В одной палатке тела препарируют. Там работают два санитара-срочника, и каждый раз, когда от них выносят вспоротое и зашитое грубым швом голое тело без руки или ноги, они выходят покурить, провожая носилки взглядом. Они стоят в резиновых фартуках и в перчатках, забрызганные кровью по самые глаза, и один из них все время держит в руках нож, которым он проводит вскрытие. Это обычный столовый нож для резки хлеба с деревянной ручкой и большим широким лезвием.
Они молча курят, а потом идут вскрывать следующее тело.

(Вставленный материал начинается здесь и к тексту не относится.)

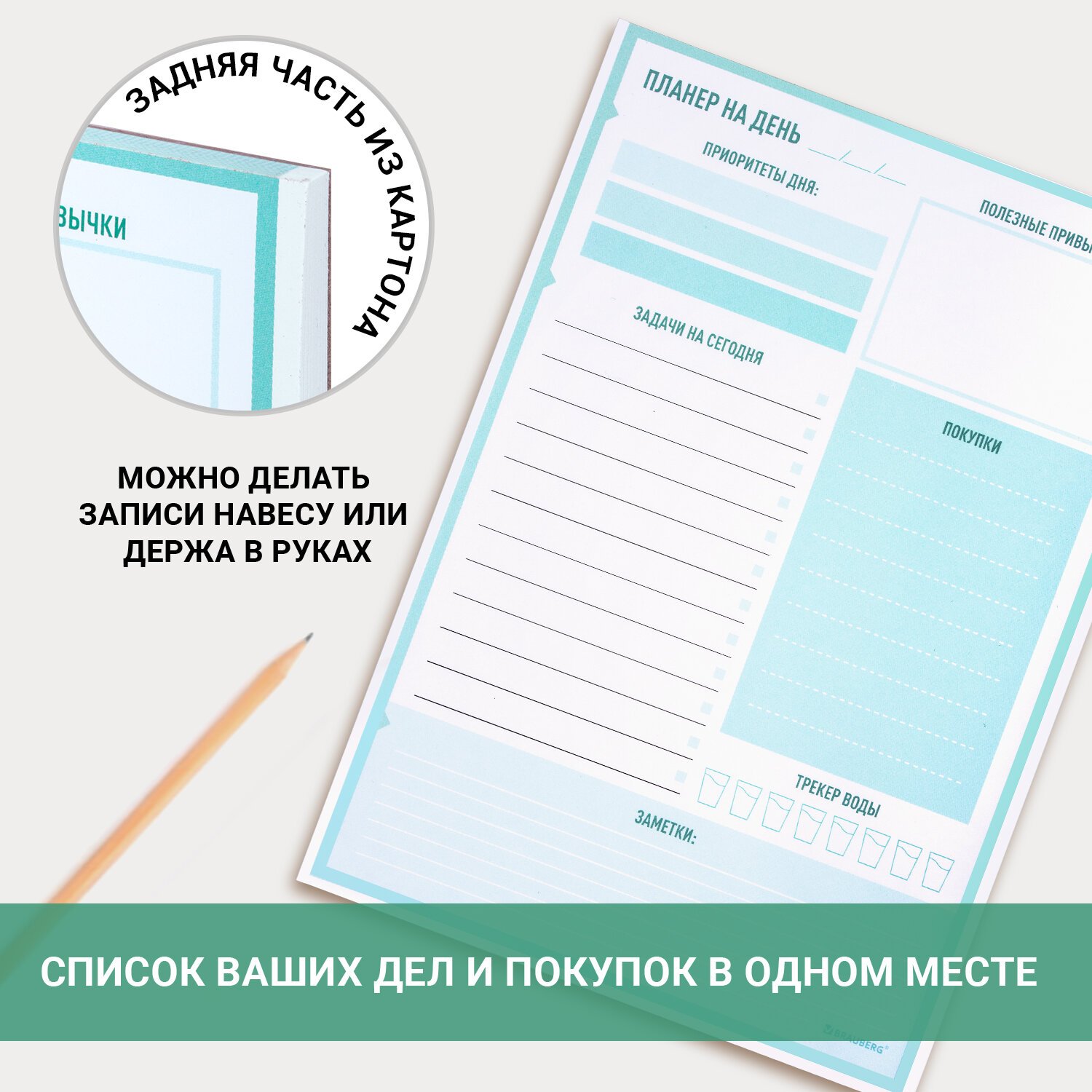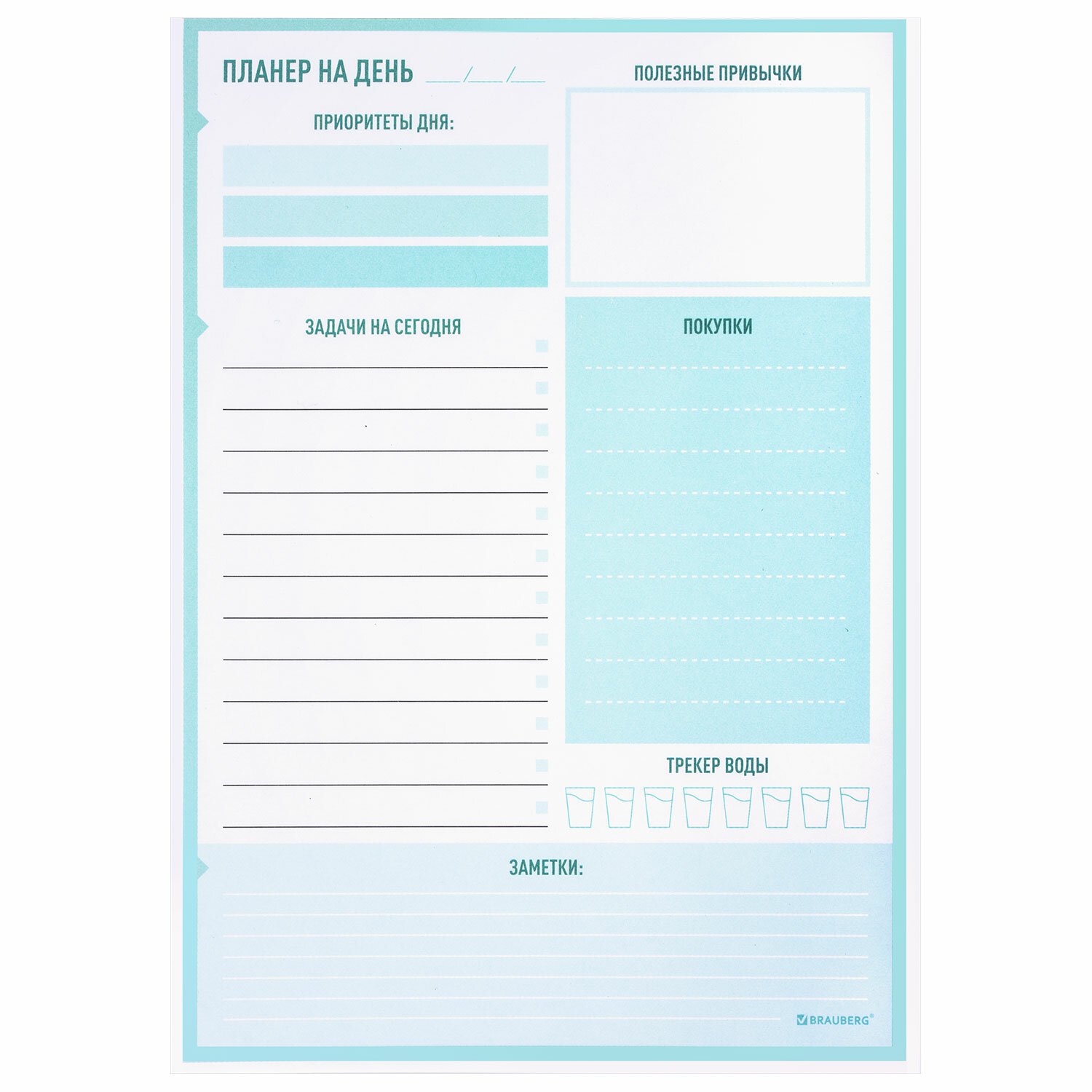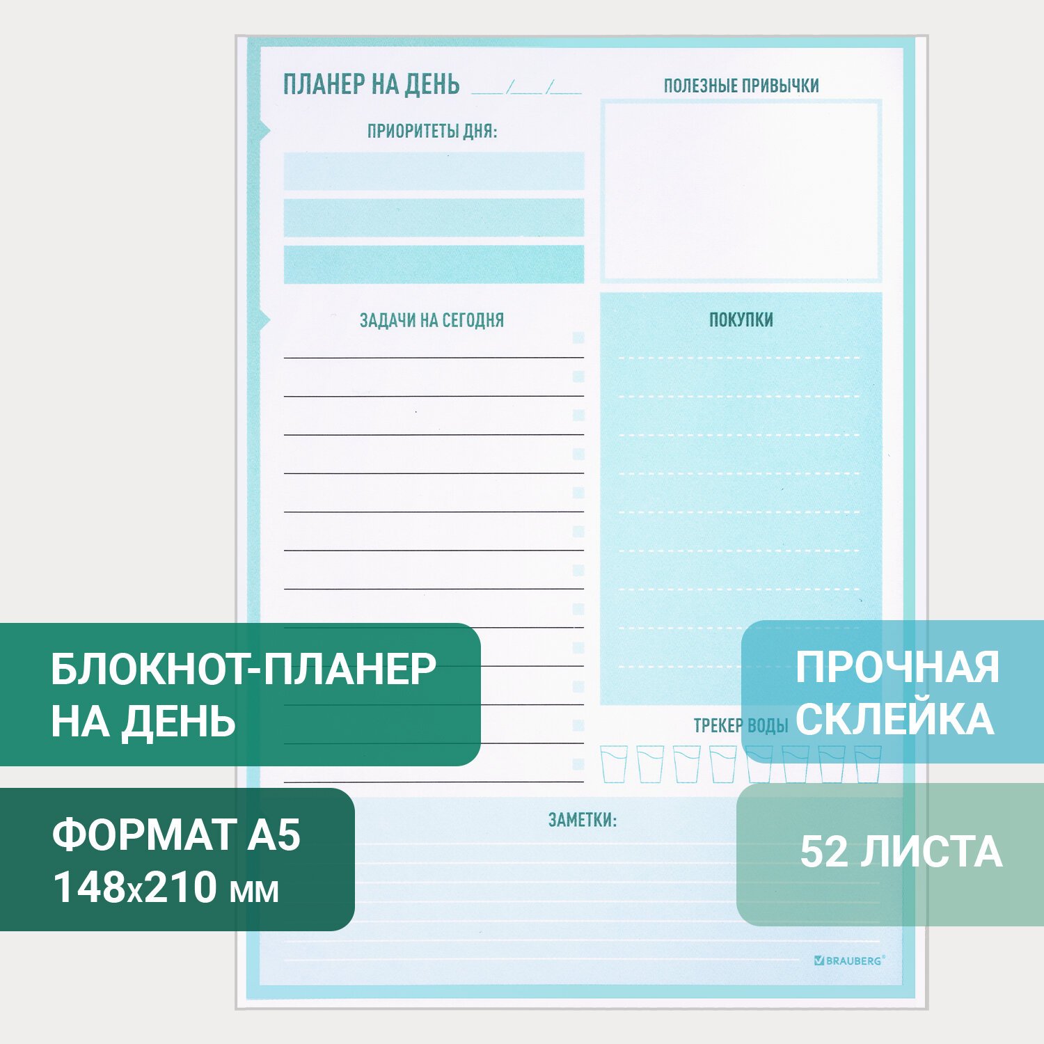 Блокнот-планер НА ДЕНЬ недатированный отрывной с подложкой, 52 л., 148х210 мм, BRAUBERG, 114216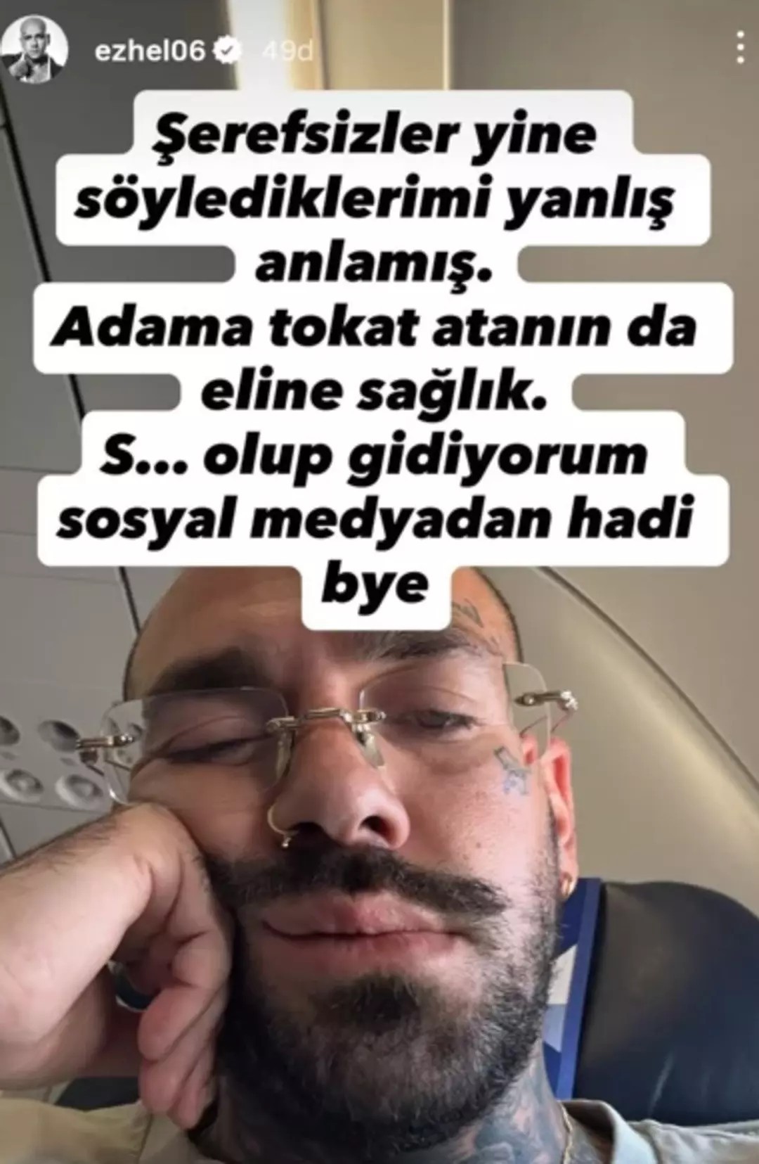 Ezhel cevabında "Şerefsizler yine söylediklerimi yanlış anlamış. Adama tokat atanın da eline sağlık. S... olup gidiyorum sosyal medyadan hadi bye" ifadelerini kullandı.

Эти двое совсем уж чокнутые, даже нам до них далеко. Иногда они рассказывают, кто что ел на завтрак, или что натворила пуля внутри, как она разорвала внутренности и какого цвета кишки у человека.
Один раз мы были у них в палатке. Тела там лежат на резиновых носилках на земле и на двух оцинкованных высоких столах, где их препарируют, и из них на траву вытекает густая черная кровь, и скапливается лужицами. Запах там такой… Кровь имеет не только свой цвет, но и свой запах. Иногда он страшнее её вида.
* * *
Бритоголовые мальчишки, порой угрюмые, порой смешные, забитые донельзя в казармах, со сломанными челюстями и отбитыми легкими — нас гнали на войну и убивали сотнями. Ведь мы даже еще стрелять не умели, мы не могли убить человека, мы не знали, как это нужно делать и все, на что мы были способны — это лишь плакать и умирать. И мы умирали. Боевиков мы называли «дяденьки» и когда они резали пленным глотки на блокпостах, те просили: «Дяденьки, не убивайте… Ну пожалуйста… Ну не надо, что я вам сделал…» А ведь им так хотелось жить! Им так хотелось жить, поймите вы это, вы толстомясые генералы в лампасах, которые гнали нас на эту бойню! Мы еще не видели жизнь и не знали её запаха, но мы уже видели смерть. Мы знаем, как пахнет загустелая кровь на полу вертолета в сорокаградусную жару, мы знаем, что мясо на оторванной ноге черного цвета и что человек может сгореть в бензине полностью, остаются только кости. Мы знаем, что тела раздуваются на жаре и слышали, как воют ночами сошедшие с ума псы в развалинах. Мы слышали это. Слышали! И сами начинали выть, потому что умирать в восемнадцать лет — это так страшно!
Нас предали все, и мы умирали. Как и подобает настоящему пушечному мясу — молча и несправедливо.
* * *
Ночами, после возвращения в казармы, нас избивают. Разведка ходит теперь постоянно пьяная, офицеров в казарме больше нет, лишь иногда приезжает Елин, но и он пьет все время. Он собирает у себя в каптерке шоблу, и они бухают по-черному, не в силах больше сдерживать в себе безумие.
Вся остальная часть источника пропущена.